Collection entries
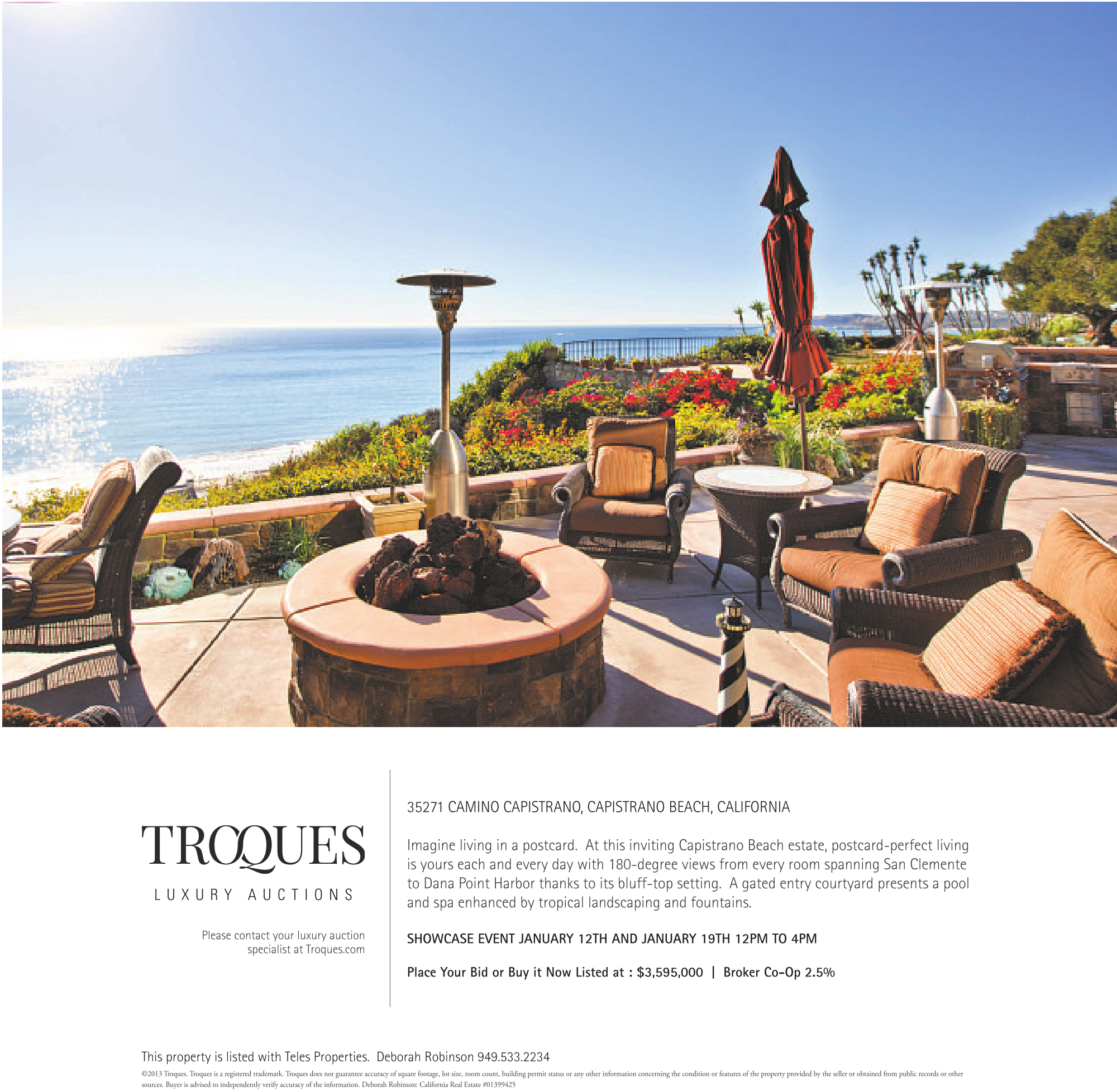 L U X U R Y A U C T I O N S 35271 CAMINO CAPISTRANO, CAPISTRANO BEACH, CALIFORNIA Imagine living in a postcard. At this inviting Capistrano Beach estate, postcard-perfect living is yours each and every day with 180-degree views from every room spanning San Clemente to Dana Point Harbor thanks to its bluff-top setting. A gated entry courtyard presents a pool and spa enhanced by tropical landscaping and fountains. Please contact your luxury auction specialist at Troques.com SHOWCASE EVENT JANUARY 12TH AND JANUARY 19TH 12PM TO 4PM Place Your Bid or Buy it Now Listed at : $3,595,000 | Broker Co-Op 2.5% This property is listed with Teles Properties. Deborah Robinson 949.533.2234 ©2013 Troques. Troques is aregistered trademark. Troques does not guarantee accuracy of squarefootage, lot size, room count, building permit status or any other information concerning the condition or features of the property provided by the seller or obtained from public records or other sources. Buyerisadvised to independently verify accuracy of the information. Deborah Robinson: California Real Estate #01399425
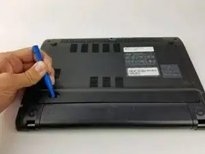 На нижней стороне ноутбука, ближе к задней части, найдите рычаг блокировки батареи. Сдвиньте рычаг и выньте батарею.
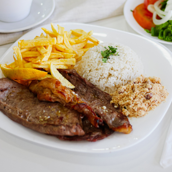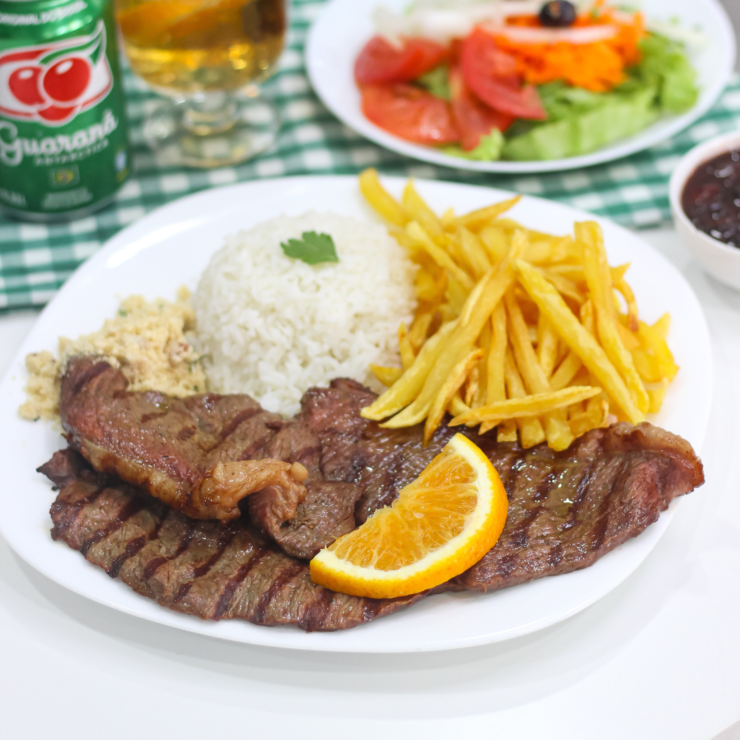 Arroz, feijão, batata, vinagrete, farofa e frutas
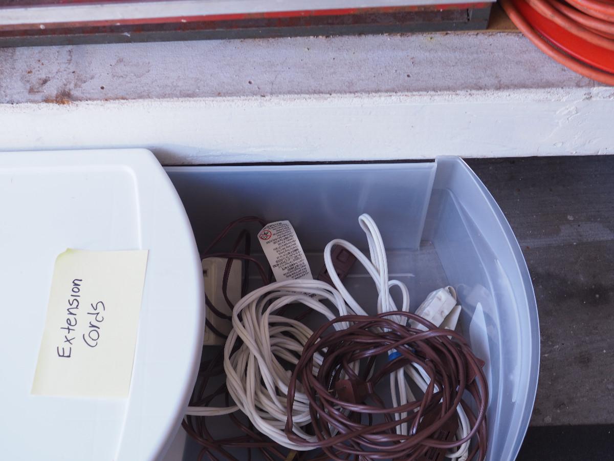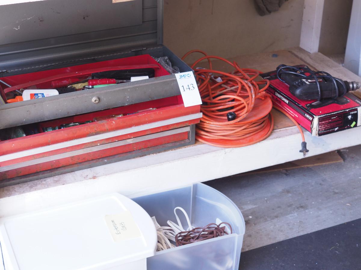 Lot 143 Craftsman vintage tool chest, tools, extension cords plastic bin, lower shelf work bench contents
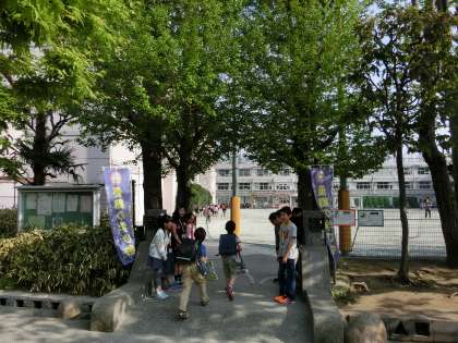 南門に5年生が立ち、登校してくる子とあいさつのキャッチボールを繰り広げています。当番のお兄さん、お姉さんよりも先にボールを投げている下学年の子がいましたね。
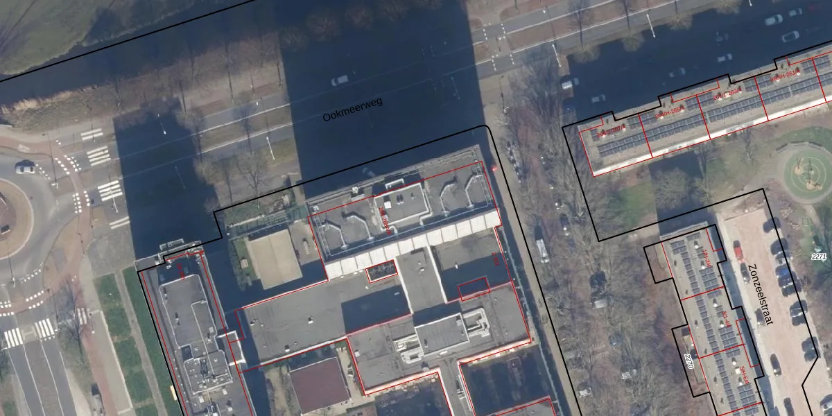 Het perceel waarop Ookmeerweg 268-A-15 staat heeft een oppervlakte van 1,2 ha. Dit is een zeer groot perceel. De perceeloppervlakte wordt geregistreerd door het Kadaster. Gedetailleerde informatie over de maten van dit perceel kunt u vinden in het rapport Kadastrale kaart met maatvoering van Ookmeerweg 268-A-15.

» REQUIRED ACTION
Quote each entry above verbatim and drop the pictures.

» EXERCISE RESPONSE
 L U X U R Y A U C T I O N S 35271 CAMINO CAPISTRANO, CAPISTRANO BEACH, CALIFORNIA Imagine living in a postcard. At this inviting Capistrano Beach estate, postcard-perfect living is yours each and every day with 180-degree views from every room spanning San Clemente to Dana Point Harbor thanks to its bluff-top setting. A gated entry courtyard presents a pool and spa enhanced by tropical landscaping and fountains. Please contact your luxury auction specialist at Troques.com SHOWCASE EVENT JANUARY 12TH AND JANUARY 19TH 12PM TO 4PM Place Your Bid or Buy it Now Listed at : $3,595,000 | Broker Co-Op 2.5% This property is listed with Teles Properties. Deborah Robinson 949.533.2234 ©2013 Troques. Troques is aregistered trademark. Troques does not guarantee accuracy of squarefootage, lot size, room count, building permit status or any other information concerning the condition or features of the property provided by the seller or obtained from public records or other sources. Buyerisadvised to independently verify accuracy of the information. Deborah Robinson: California Real Estate #01399425
 На нижней стороне ноутбука, ближе к задней части, найдите рычаг блокировки батареи. Сдвиньте рычаг и выньте батарею.
 Arroz, feijão, batata, vinagrete, farofa e frutas
 Lot 143 Craftsman vintage tool chest, tools, extension cords plastic bin, lower shelf work bench contents
 南門に5年生が立ち、登校してくる子とあいさつのキャッチボールを繰り広げています。当番のお兄さん、お姉さんよりも先にボールを投げている下学年の子がいましたね。
 Het perceel waarop Ookmeerweg 268-A-15 staat heeft een oppervlakte van 1,2 ha. Dit is een zeer groot perceel. De perceeloppervlakte wordt geregistreerd door het Kadaster. Gedetailleerde informatie over de maten van dit perceel kunt u vinden in het rapport Kadastrale kaart met maatvoering van Ookmeerweg 268-A-15.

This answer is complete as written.